Only one item in the whole of that horrid night's array of terrors quelled these buccaneers even into a moment's sobriety. A cry, a startled cry, went up that there was a mermaid swimming close abeam, and the song snapped off in the middle of a bar, and the rum cup halted in mid-air. Some crossed themselves, some dropped on their knees and fumbled at a prayer, and a few pious spirits, less drunk than the rest, trolled out a quavering psalm as the best safeguard which occurred to them. There is no doubt but what the courage of all of them was woefully shook, and the secretary, though indeed she could see no mermaid, owing to the blackness of the night, will ingeniously confess to being at one with them in their tremours.

But Prince Rupert, with his accustomed bravery, rallied the ships' companies into steadiness again. He urged them to pass up powder from the magazine, and get shot from the racks round the hatches, and stand by the guns. And when Captain Wick and the other buccaneer commander chided him, he admitted plainly that he had never heard of a mermaid being shot, but at the same time professed his personal willingness to loose off a culverin or a saker at one if she should come within range. "It's my poor opinion, gentlemen," said he, "that the creatures have never been killed because no one as yet had the impudence to shoot at them.

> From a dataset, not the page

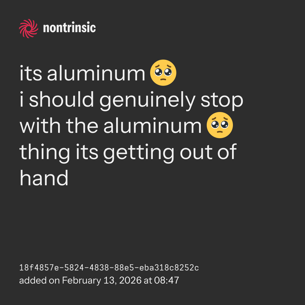 i should genuinely stop with the aluminum 🥺 thing its getting out of hand
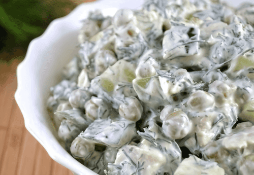 Green salad with chicken, peas and cucumbers

There must be a beginning to all things, and I am quite ready to take the risk of this matter on my own proper shoulders, if indeed I could see the mark. But to tell the truth I have seen no mermaid, and it's my belief there is none."

"They sighted her out yonder, abeam," said Wick.

"So I heard. But my eyes seem of but indifferent quality, messieurs. I've looked, but be split if I can see her. Mind, I offer no cause for quarrel: I do not say she has not been sighted: I merely say that my own eyes—and I've searched with some scientific curiosity—have not been fortunate enough to make her out. And what's more, I'm looking now and still can see nothing but shadows and water."